Nationalist movements in countries like Poland, Serbia, Croatia, Hungary and Lithuania see EU membership as a threat to the nation – as yet another case of a foreign power exerting control over them. The fact that the EU requires countries to allow Pride Parades makes the nationalists' opposition to EU membership a catalyst for homophobia – and vice versa. In addition to existing homophobia, harassing Pride Parades is also a way to attack the state. It is no coincidence that the young men who turned Belgrade into a warzone during the Pride Parade did the exact same thing some week earlier, that time as football hooligans.

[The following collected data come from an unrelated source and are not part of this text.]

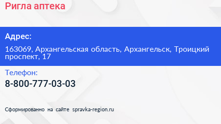 Ригла, аптека по адресу 163069, Архангельская область, Архангельск, Троицкий проспект, 17 в дальнейшем Организация, размещена в следующих категориях:
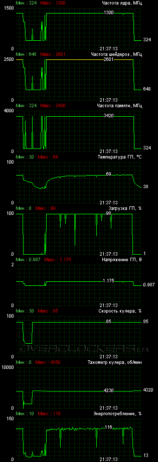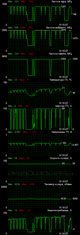 Самой большой «грелкой» для видеокарты оказался Witcher 2, прогревая ядро больше других игр. Но даже в этом приложении при разгоне видеокарта не превышала предел в 132% и работала на частотах близких к 1300 МГц.
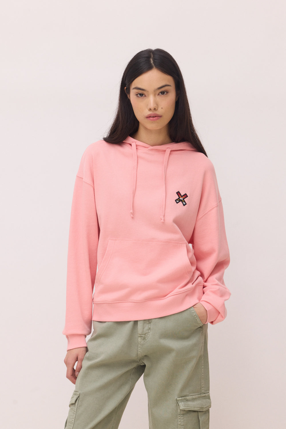 Hooded sweatshirt with our classic X on the chest and back. Lower central front pocket with opening on both sides. Made with 100% organic cotton.
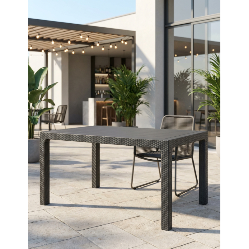 La Mesa Antracita Terraza Tropical de Grupo SDM es una opción perfecta para quienes buscan resistencia, diseño y versatilidad en espacios exteriores e interiores. Su acabado en color antracita y su elegante textura efecto ratán aportan una estética moderna y acogedora, ideal para terrazas, jardines y zonas de uso intensivo.
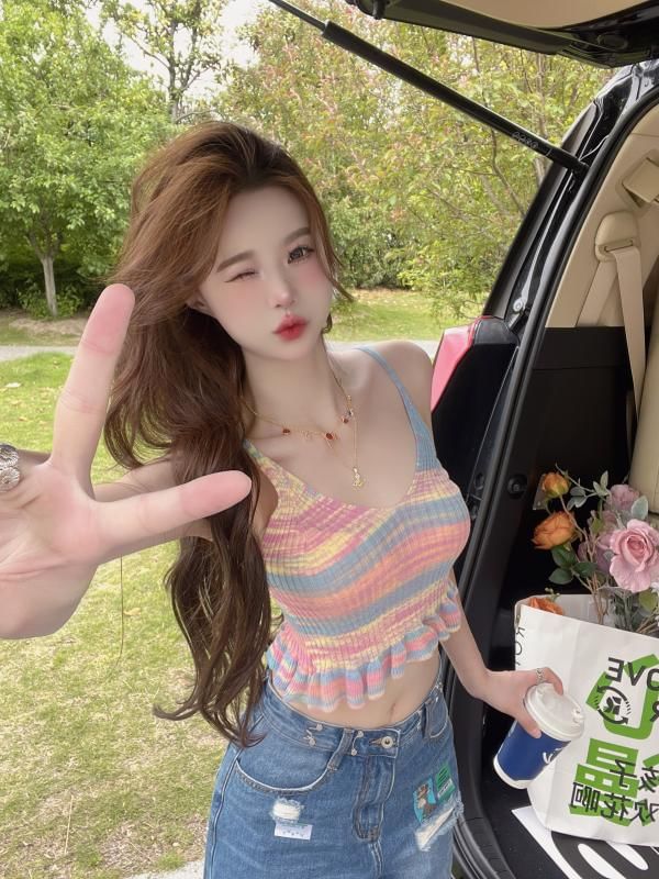 V-Neck Tie Dye Ruffle Hem Crop Camisole Top
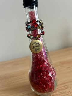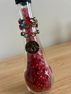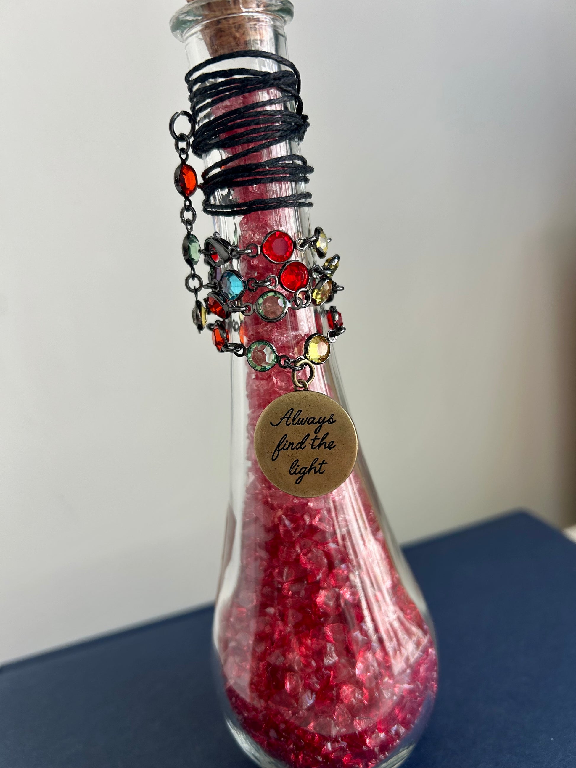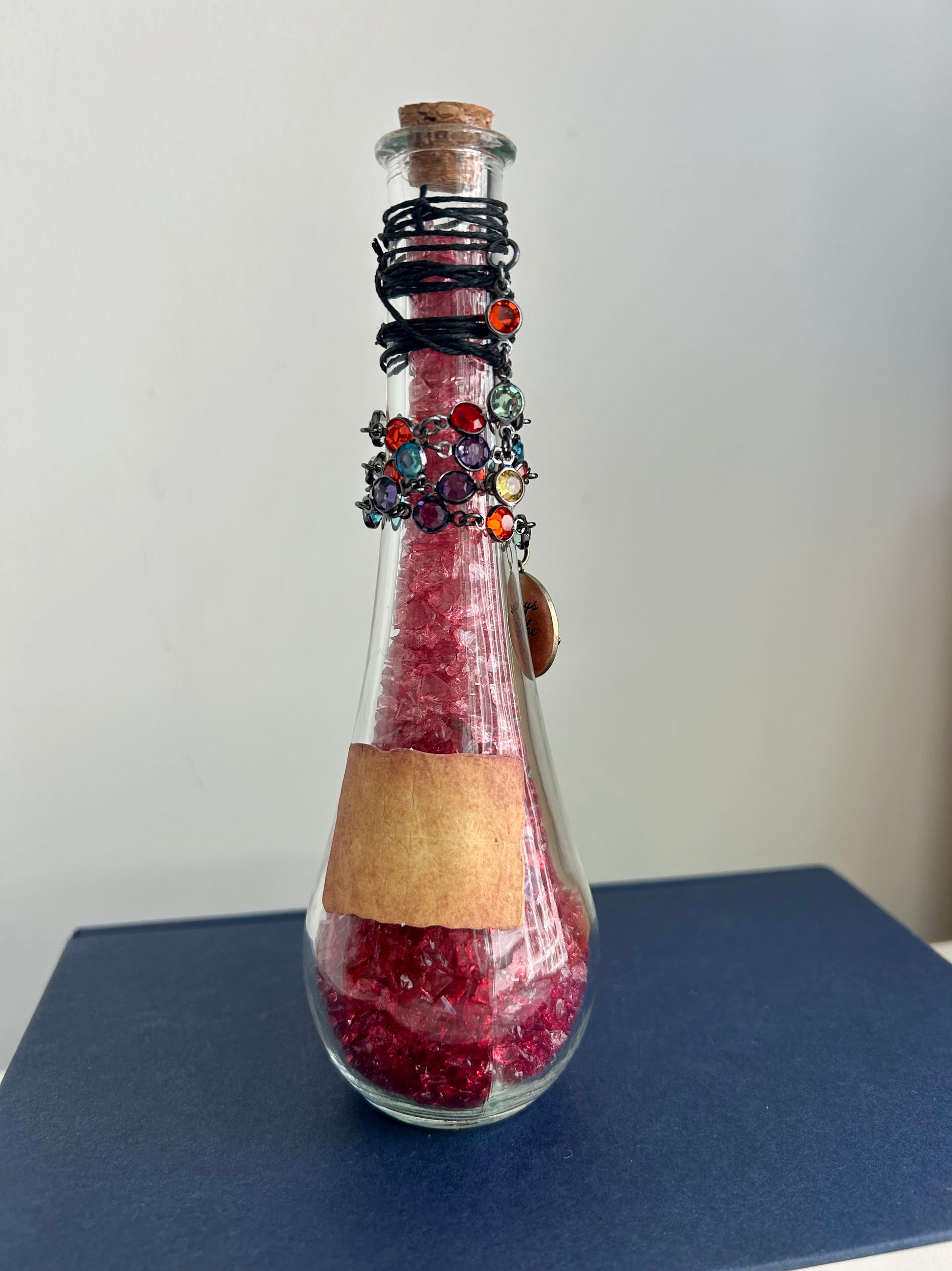 • Sealed with natural cork, wrapped in black cord with jewel chain and sunburst charm

Within radical Islamist movements as well – with their focus on the family, on "traditional" gender roles, on religious and ideological purity and hatred of majority society – homophobia? and anti-abortion thrives. As a matter of fact, it is not uncommon to find mutual respect as well as unholy alliances between radical Islamist and neo-fascist movements, where conservatism, antisemitism and fascism form the common ground.

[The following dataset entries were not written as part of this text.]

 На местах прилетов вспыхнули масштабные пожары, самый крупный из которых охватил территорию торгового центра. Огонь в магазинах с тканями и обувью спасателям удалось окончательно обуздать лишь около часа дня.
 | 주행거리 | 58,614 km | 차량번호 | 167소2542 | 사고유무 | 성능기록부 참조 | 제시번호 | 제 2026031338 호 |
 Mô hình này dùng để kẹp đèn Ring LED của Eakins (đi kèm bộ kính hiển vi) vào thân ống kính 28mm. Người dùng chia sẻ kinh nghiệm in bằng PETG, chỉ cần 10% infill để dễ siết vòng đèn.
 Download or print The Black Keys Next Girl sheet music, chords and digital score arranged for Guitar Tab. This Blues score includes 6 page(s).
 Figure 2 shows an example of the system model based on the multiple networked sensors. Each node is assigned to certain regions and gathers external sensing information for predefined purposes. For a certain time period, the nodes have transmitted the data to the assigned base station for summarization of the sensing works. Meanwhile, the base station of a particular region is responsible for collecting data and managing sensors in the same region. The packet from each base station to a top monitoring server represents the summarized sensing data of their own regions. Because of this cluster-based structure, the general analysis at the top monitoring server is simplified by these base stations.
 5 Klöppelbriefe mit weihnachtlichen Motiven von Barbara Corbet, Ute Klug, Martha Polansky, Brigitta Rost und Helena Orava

In a Swedish context, there is no one whose actions personify these traits more than Iran-born poet Mohamed Omar. Among his promoters one will find public intellectuals such as antisemite Lasse Wilhelmsson and the homophobe Jan Myrdal – as well as neo-Nazis.
National movements' attitude to LGBT persons differs according to whether Muslims are seen as the greatest threat to Europe and the nation or whether Jews and immigrants are the target or hatred. The Swedish party Sverigedemokraterna, the Sweden Democrats, is not alone to have abandoned antisemitism and homophobia? in favour of a "culture struggle", where Muslims and Islam is the enemy. This is an attitude that can also be seen in the traditional Swedish Right. The editorial of the rightwing newspaper Svenska Dagbladet regularly uses LGBT rights as a weapon against Islam and Muslims. The opposite, attacking the Right for homophobia, rarely occurs, if ever.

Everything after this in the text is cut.